For example, $$\begin{align} \{1,2,3\}^{(2)} &= \{1+1, 1+2, 1+3, 2+1, 2+2, 2+3, 3+1, 3+2, 3+3\}\\ &=\{2,3,4,5,6\} \end{align}$$

If \$S\$ contains \$n\$ elements, then \$S^{(k)}\$ contains at most \$\binom{n+k-1}{k} = \frac{(n + k - 1)!}{(n-1)!k!}\$ distinct elements. If \$S^{(k)}\$ contains this number of distinct elements, we call it \$k\$-maximal.

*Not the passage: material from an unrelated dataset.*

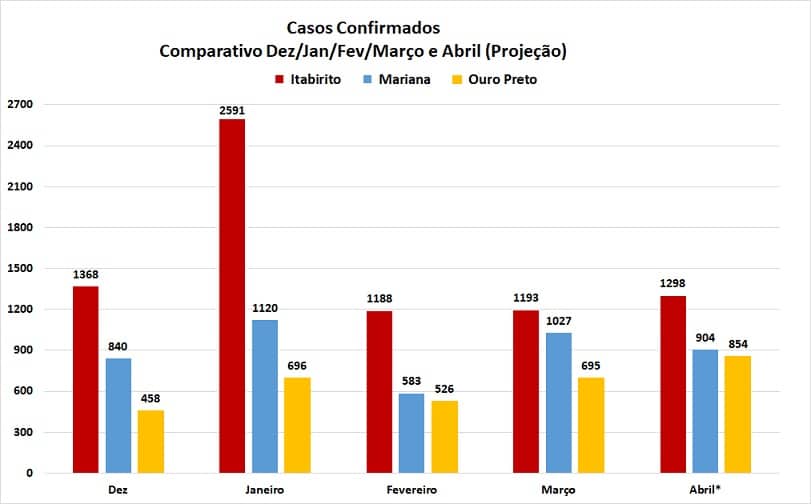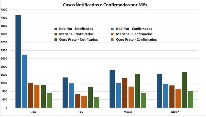 A taxa geral de contágio (relação entre positivos e notificados) na Região dos Inconfidentes sofreu pequena elevação em relação à verificada ao longo de março, passando de 55,5 para 56%. Considerando que os números da pandemia têm sido maiores este ano, no gráfico abaixo, são apresentados os números de casos notificados e confirmados em Itabirito, Mariana e Ouro Preto, de janeiro a abril, nesse caso referente à projeção dos casos a partir da média diária da primeira quinzena.

The set \$S = \{1,2,3\}\$ given in the example above is not \$2\$-maximal because \$1 + 3 = 2 + 2\$.

Challenge

Given a positive integer k, your task is to return the lexicographically earliest infinite list of nonnegative integers such that for every \$n\$ the set consisting of the first \$n\$ terms of \$S\$ is \$k\$-maximal.

You can return a literal (infinite) list/stream, you can provide function that takes a parameter i and returns the \$i\$th element of the list, or you can give any other reasonable answer.

This is so shortest code wins.

Test Data

 k | S^(k)
---+------------------------------------------------------------
 1 | 0, 1, 2,  3,   4,   5,    6,    7,     8,     9,    10, ...
 2 | 0, 1, 3,  7,  12,  20,   30,   44,    65,    80,    96, ...
 3 | 0, 1, 4, 13,  32,  71,  124,  218,   375,   572,   744, ...
 4 | 0, 1, 5, 21,  55, 153,  368,  856,  1424,  2603,  4967, ...
 5 | 0, 1, 6, 31, 108, 366,  926, 2286,  5733, 12905, 27316, ...
 6 | 0, 1, 7, 43, 154, 668, 2214, 6876, 16864, 41970, 94710, ...

For \$k=2\$ , this should return OEIS sequence A025582.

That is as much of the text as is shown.